アイテムボックスのリストを開くと、下の方にカルシュームと言う薬があり、それをボックスから取り出すとパンダの口の中に流していく。

パンダは、流れて来るどろっとした薬を飲み込むが嫌なのか、首を振って薬を口から追い出そうとするが、なんとか全て飲ますことができた。
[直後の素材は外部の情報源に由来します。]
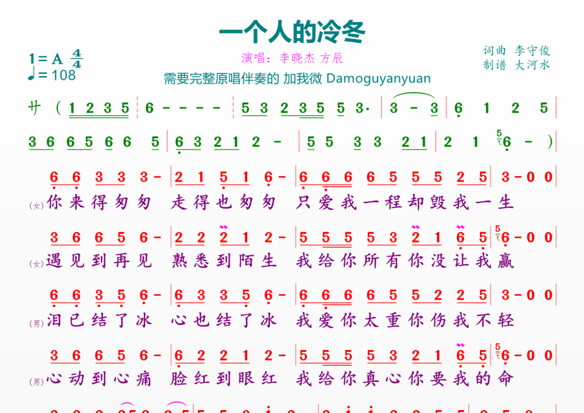 《一个人的冷冬》是李晓杰 方辰演唱的一首歌曲,拍号为4/4拍,歌曲速度为每分钟108拍,这份简谱共有一张高清图谱,图谱由 @临海雪原 编配上传。

「大丈夫だよパンちゃん、今のは、パンちゃんが元気になるためのものだから大丈夫だよ」

「マッ…ママ…僕頑張ったよ……あの時死んじゃった赤ちゃんママに見せれた…」

「パンちゃん少し休んで、大丈夫だから今日は、ずっとそばにいるから」



ぎゅっとパンダを抱きしめ、優しく頭を撫でていると、パンダの口からいびきが聞こえてきた。


「ユッユウさんそれってパンちゃんのイビキですか?」

「うん…疲れたみたいだね、出産後よくある事だよだから大丈夫お昼になったら元気になると思うから、後のこと頼んでいい?」

「はい!」

「じゃあ私は、失礼するよ」

「女将さん最後まで付き合ってくれてありがとうございます」

「いいのよ、私が好きで起きてたんだし、神秘的な所も見れたし、昼に少し休めば大丈夫さっ」


そう言って、女将は、宿の中に入っていった。


バケットミルカーを出すと、マーサが全てやってくれて、孤児院の朝ご飯用に材料とお金少し渡すとマーサは、カドを連れて宿を後にした。
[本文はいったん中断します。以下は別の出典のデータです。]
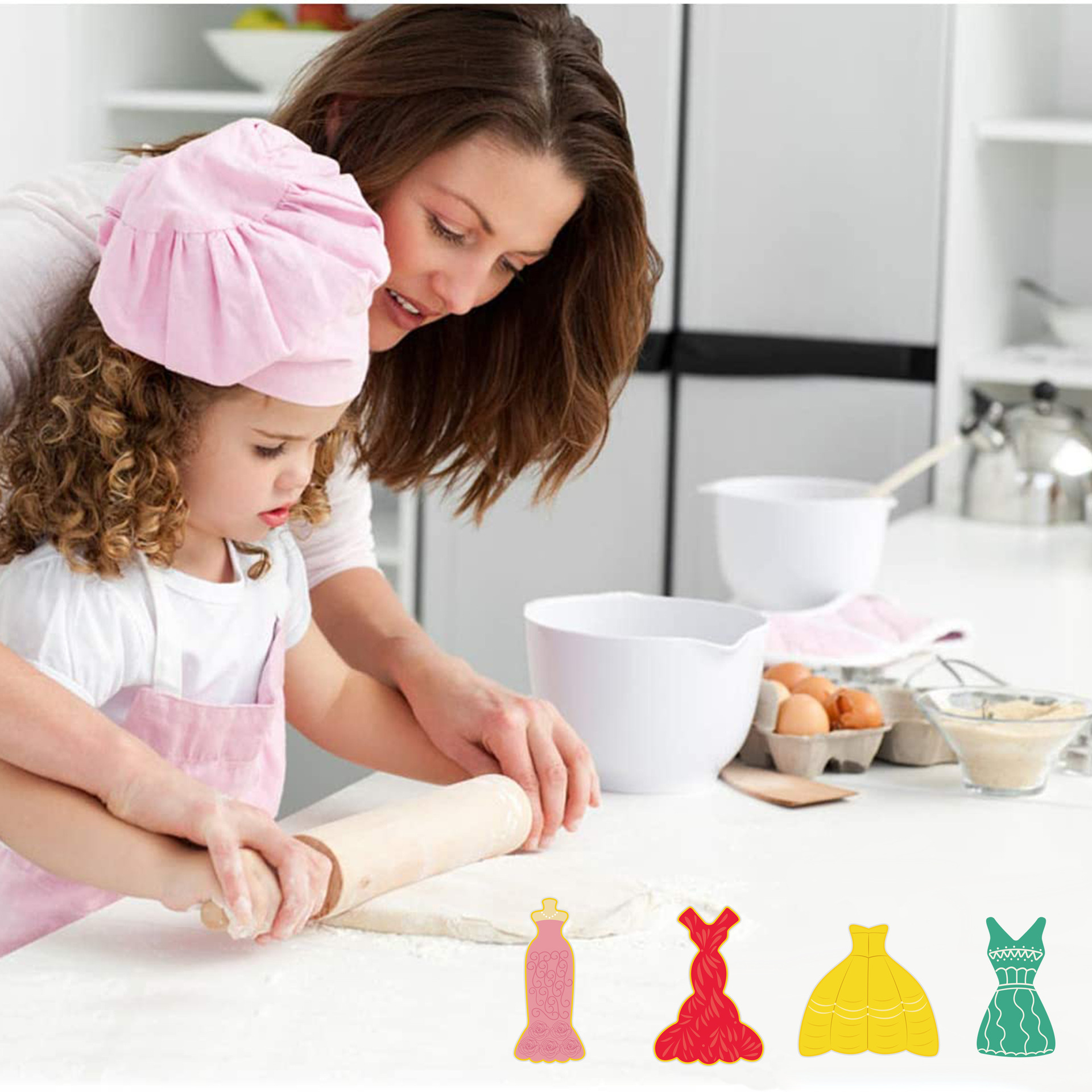 Instructions: Place the dough on a sugarpaste silicone mat and roll it flat with a rolling pin. Cut out the desired shapes, place them in the oven, and once baked, remove them. Use buttercream, food coloring, jam, etc. to apply your favorite designs.

「そうでしたか…子牛が…私も立ち会ってみたかったです。そんな神秘的な事、見る機会などありませんから…あらマーサさんも料理上手ですね」

「はい、地元ではレストランで働いていたので…事情があって辞めたんですけど、そのおかげで、ユウさんと一緒に旅ができてるので」


みんなが、食べ終わった食器を洗っていると、そこへブタネコがやってくる。

「マーサ殿、ミルクもうないかにゃ?」

「ごめんねもうないんだみんなに配っちゃったから今度、ユウさんにお願いしとくね」

優しく頭を撫でていると、シスターが、ブタネコを探しに厨房にやってきた。


「ここにいたんですかブタネコさん、もうすぐお勉強のお時間ですの講堂にお願いします」

「もうそんな時間にゃ?すぐ行くにゃ」

二足歩行で厨房をあとにするブタネコ、その後ろ姿を2人は、眺めた。


「ちゃんと働いてるんですね」

「サボりがちですが、子供達のことをよく見ててくれますので、こないだは、大きい組と街の外で薬草取りをしてくれたんです。まぁブタネコさんは、のんびり寝てたらしいですがね」





カルシュームと書いたんですが、実はカルチャージと言う商品なので少しモジって書いてみました。カルチャージは、銃の様な形をしていてレバー弾くと薬が出てきます。

毎回飲ませるの大変で、パンちゃんみたいにぐったりしていると何もしなくても大丈夫なのですが、元気だと縛り付けないと、飲ませられません。


カルチャージは、カルシウムとかマグネシウムが入っていて、低カルになる事を少なくしてくれる万能薬です。


低カルとは、低カルシウム血症と言い、カルシウムが足りなくなり、体調不良が続き、獣医さんを呼ばないとほぼ死んでしまう可能性が、ある症状です。


ほとんどの牛が、起床困難になりぐったりとします。点滴したりドデカイ注射を射されたり、みているだけど痛そうで、(実際痛いんだろけど)辛いです。